• WHAT IS NEEDED:
Give the data below again exactly, and drop each picture from it.

• DATASET SECTION:
........

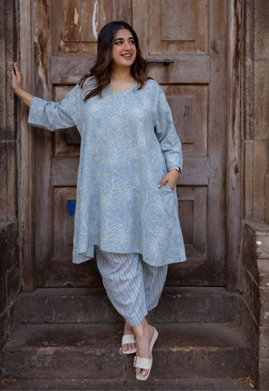 Sky Blue Leaf Hand Block Printed Kota Doria Cotton Dupatta.
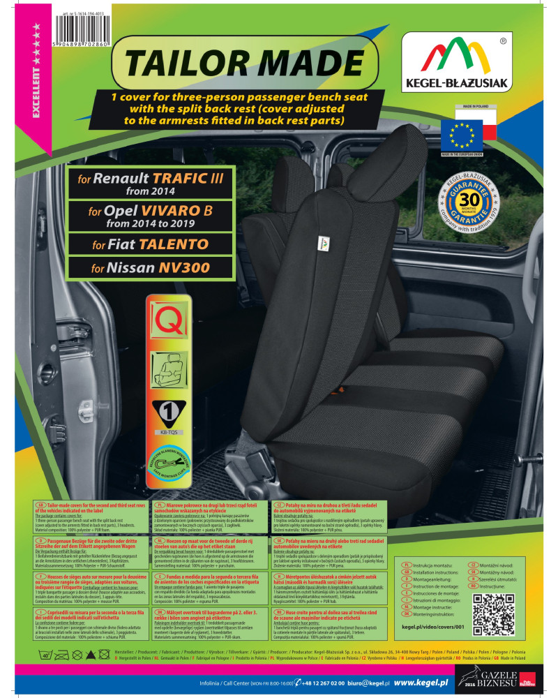 Potahy mají nezbytné, uzavíratelné otvory, které umožňují jejich natažení bez nutnosti vytahovat opěrky hlavy a zhotovovat další otvory. Předností potahů TAILOR MADE je to, že kryjí celý zadní povrch opěradla. Díky této vlastnosti vypadají velmi dobře také zezadu sedačky a zároveň ji chrání před znečištěním a poškozením (to je důležité především pro osoby, které mají malé děti). Sada je vybavena speciálními plastovými sponami, do materiálu jsou všitá připevnění, což s pomocí přiloženého obrázkového návodu k obsluze zajišťuje velmi snadnou instalaci. Potahy lze bez obav prát na 40° - podle pokynů na štítku. Výrobek renomované firmy Kegel-Błażusiak, největšího výrobce a exportéra v odvětví autopotahů a pracovních oděvů. Vyrobeno v Polsku, především z polských surovin, za dodržení všech kvalitativních standardů Evropské unie. Nákupem potahů Kegel-Błażusiak podporujete polskou ekonomiku a chráníte polská pracovní místa a také máte jistotu, že si kupujete výrobek nejvyšší kvality.
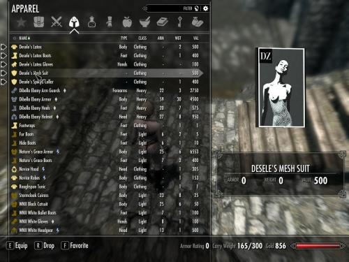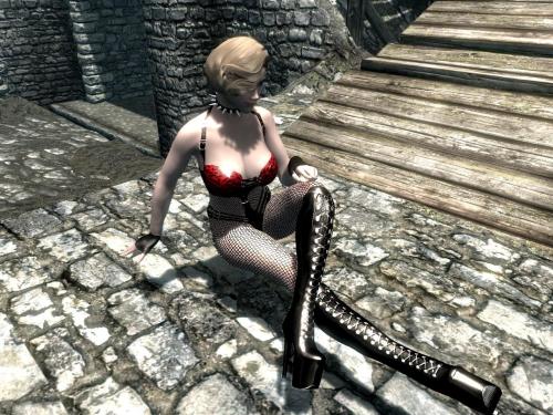 This mod is based on an latex outfit worn by Maggie Delena. The outfit is named after Helviane Desele from The Elder Scrolls III: Morrowind. She owns Desele's House of Earthly Delights in the town of Suran.

........

• OUTPUT FOR THIS TASK:
 Sky Blue Leaf Hand Block Printed Kota Doria Cotton Dupatta.
 Potahy mají nezbytné, uzavíratelné otvory, které umožňují jejich natažení bez nutnosti vytahovat opěrky hlavy a zhotovovat další otvory. Předností potahů TAILOR MADE je to, že kryjí celý zadní povrch opěradla. Díky této vlastnosti vypadají velmi dobře také zezadu sedačky a zároveň ji chrání před znečištěním a poškozením (to je důležité především pro osoby, které mají malé děti). Sada je vybavena speciálními plastovými sponami, do materiálu jsou všitá připevnění, což s pomocí přiloženého obrázkového návodu k obsluze zajišťuje velmi snadnou instalaci. Potahy lze bez obav prát na 40° - podle pokynů na štítku. Výrobek renomované firmy Kegel-Błażusiak, největšího výrobce a exportéra v odvětví autopotahů a pracovních oděvů. Vyrobeno v Polsku, především z polských surovin, za dodržení všech kvalitativních standardů Evropské unie. Nákupem potahů Kegel-Błażusiak podporujete polskou ekonomiku a chráníte polská pracovní místa a také máte jistotu, že si kupujete výrobek nejvyšší kvality.
 This mod is based on an latex outfit worn by Maggie Delena. The outfit is named after Helviane Desele from The Elder Scrolls III: Morrowind. She owns Desele's House of Earthly Delights in the town of Suran.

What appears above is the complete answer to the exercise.